Bios of Len Tsou and Hwei-Ru Tsou

We are the authors of a book on the Chinese volunteers in the Spanish Civil War, in Chinese as well as in Spanish edition.

Growing up in Taiwan, we came to the U.S. to pursue our graduate studies in natural sciences.  The new land provided us with space and resources for our curiosity in modern Chinese history and the cold war.  In 1973 a military coup overthrew the Chilean President Salvador Allende, a democratically elected Socialist.  It led us to pay attention to the America’s Dirty Wars.
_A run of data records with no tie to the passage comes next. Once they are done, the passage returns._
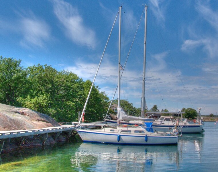 nun habe ich meine kleine Aaland-- und finnische Archipelago--Runde beendet und bin wieder in Mariehamn. Während dieser Runde konnte ich immerhin mehr segeln als motoren, das ist ja gar nicht so selbstverständlich. Das Wetter wechselte sehr häufig zwischen hässlich und schön, und so habe ich auch einige Hafentage einlegen müssen. Heute ist es regnerisch aber nicht kalt. Dabei bin ich gestern noch bei bestem Wetter vom hiesigen Osthafen in den Westhafen gesegelt, das waren 15 sm. Zu Fuß durch die Stadt sind es 10-15 Minuten. Beide Häfen sind sehr gut ausgestattet aber auch teuer. Hier im Westhafen funktioniert auch wieder das kostenlose WLAN, welches im Osthafen auf meinem Liegeplatz zu schwach war.
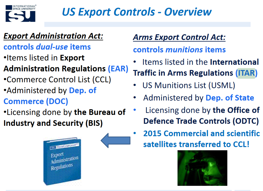 Understand the difference between ITAR and export control in general.
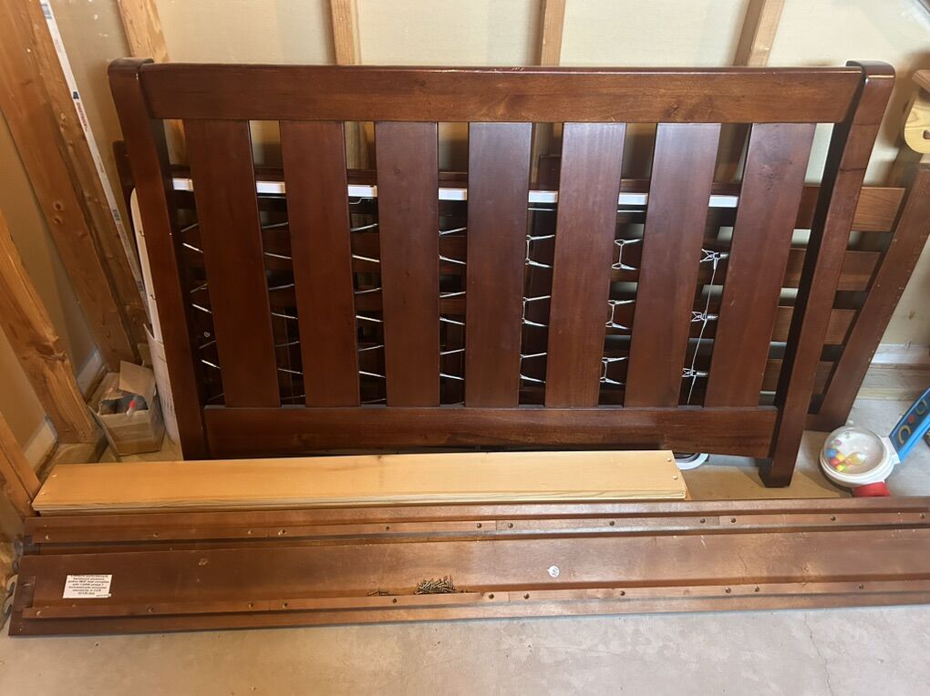 VenmoThis wood bed frame converts from a baby crib to a full bed size. Everything is included a from baby mattress, side rails, and spring box.
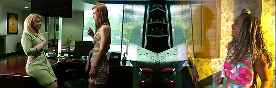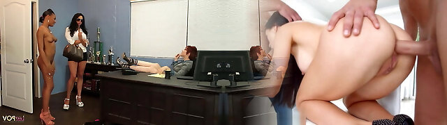 Red hair boss g/g is disciplining a bad lesbo employee in a super hot interracial office sex action
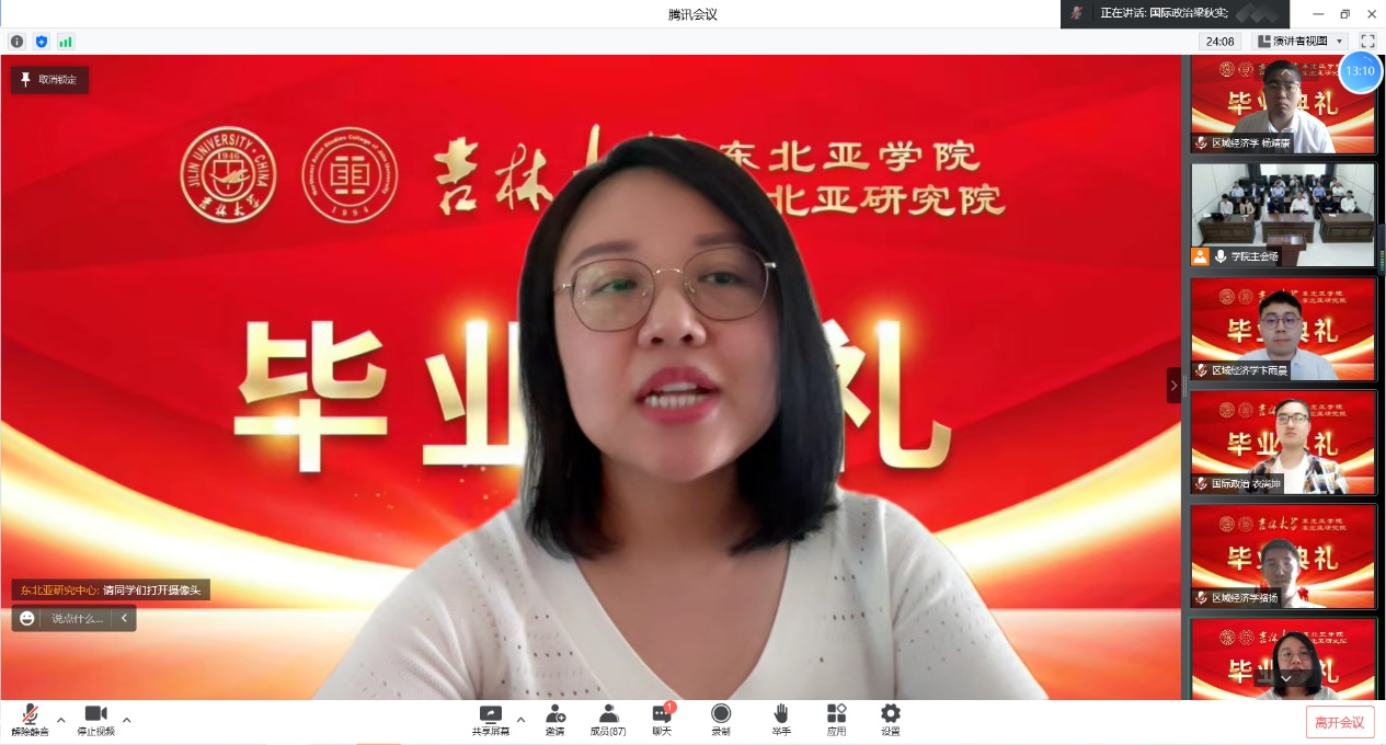 Liang Qiushi, representative of doctoral graduates, and Bian Yuchen, representative of master's graduates, expressed their gratitude to the college and teachers and their reluctance to part with fellow classmates, and said that they would keep in mind the JLU motto of "Truth· Innovation· Aspiration" and the patient instructions of teachers, and that no matter where they go in the future, they will show the world with the demeanor of students of Jilin University and Northeast Asian Studies College.

After obtaining our PhDs in Chemistry, Len worked in semiconductor field and Hwei-Ru in pharmaceutical industry. We each published numerous scientific papers and patents in our respective fields. To serve as a bridge, we founded Cultural International in 1989 to introduce to Taiwan the experiences of American people’s struggles in environment, labor and human rights.

In 2002, we organized weekly peace vigil in Rockland County, NY, hoping to prevent the imminent war on Iraq from happening. The peace vigil continued for nine years. In 2011 Len joined the US Boat to Gaza challenging Israel’s blockade on Gaza.  After moving to California, we join the San Jose weekly peace vigil to continue protesting the endless wars.

In 2001 our research result was published in Taiwan as a book 《橄欖桂冠的召喚:參加西班牙內戰的中國人(1936-1939)》.  A Spanish edition “Los Brigadistas Chinos en la Guerra Civil: La LLamada de España (1936-1939)” was published in Madrid in 2013.  The revised editions were published in Chinese as 《当世界年轻的时候:参加西班牙内战的中国人(1936-1939)》 in 2013 and 2015.

Our writings can be found in The Volunteers, Science & Society, South China Morning Post Magazine (南华早报), Southern Weekend (南方周末), China Times (中國時報), and others. 

Our collection of photos and documents of the Chinese volunteers resulted in the travelling photo exhibitions in Spain since 2019.  Based on our book, the Phoenix Satellite TV produced a documentary 《当世界年轻的时候——国际纵队里的中国人》in 2020.